The factory baseline map is flawed to some degree, and a PCIII can do wonders to correct for that.

Last point, the air mass flow sensing is not the most sophisticated, the addition of a hot wire would help.
It's still firing blind with no means to determine if the fuel dictated by the map is actually correct or if it needs adjustment. The O2 sensor is not just for pollution control. If it was, systems like Wolf EMS, Electromotive or MegaSquirt (which are aftermarket EFI systems intended to be used on non-pollution controlled vehicles!) would not have a provision for an O2 sensor, but they all do. I've been working with those (specifically MegaSquirt) for the past decade or so.

(Also, how exactly does CO2 combust in the presence of O2 and somehow become CO2? I don't remember that being an option per my chemistry class.)

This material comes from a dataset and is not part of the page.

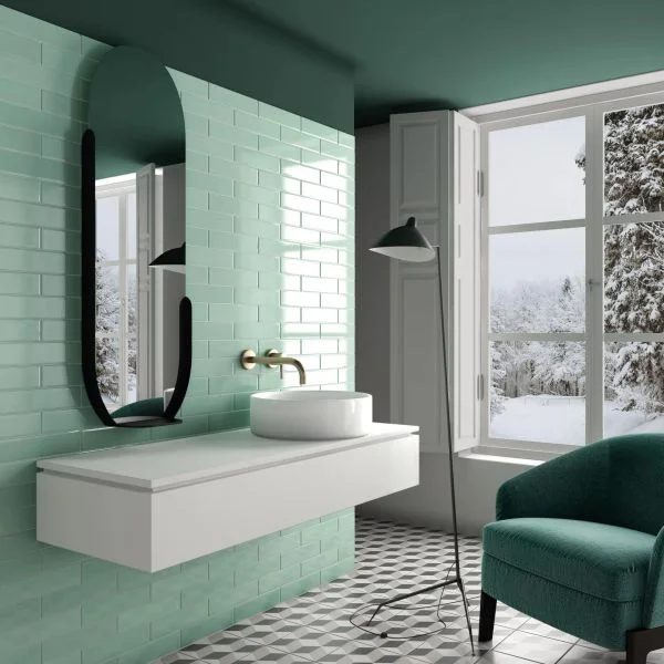Equipe Limit Menthe 6x24,6 jsou dlaždice ze série Equipe Limit od keramičky Equipe. Tento obklad je vhodný jako obklad do předsíně, do obývacího pokoje, do kuchyně, do koupelny, pro komerční prostory a do interiéru. Střep je interiérový obklad - bílý střep. Dlaždice jsou tyrkysové s lesklým povrchem, styl dlaždic je málo proměnlivý jednobarevný a retro. Jedná se o keramické dlaždice ve formátu 60x246mm a tlouštce 8mm.
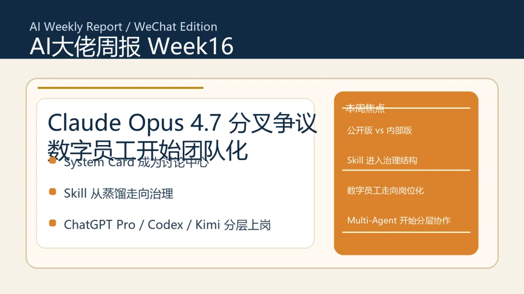 AI大佬周报 Week16:Claude Opus 4.7分叉争议、数字员工开始团队化

The stock fuel map for the 919 is essentially the sort of thing you'd start with as a baseline on a MegaSquirted vehicle; you start rich to make sure the vehicle will keep running no matter what it does and to avoid damage to the engine, then refine from there as needed. A MegaSquirted vehicle can then automatically adjust the map as needed, of course - because of the O2 sensor, if you fit one. Otherwise, it too is firing blind based off of a map - and if you're smart you'll keep that map on the rich side in that case.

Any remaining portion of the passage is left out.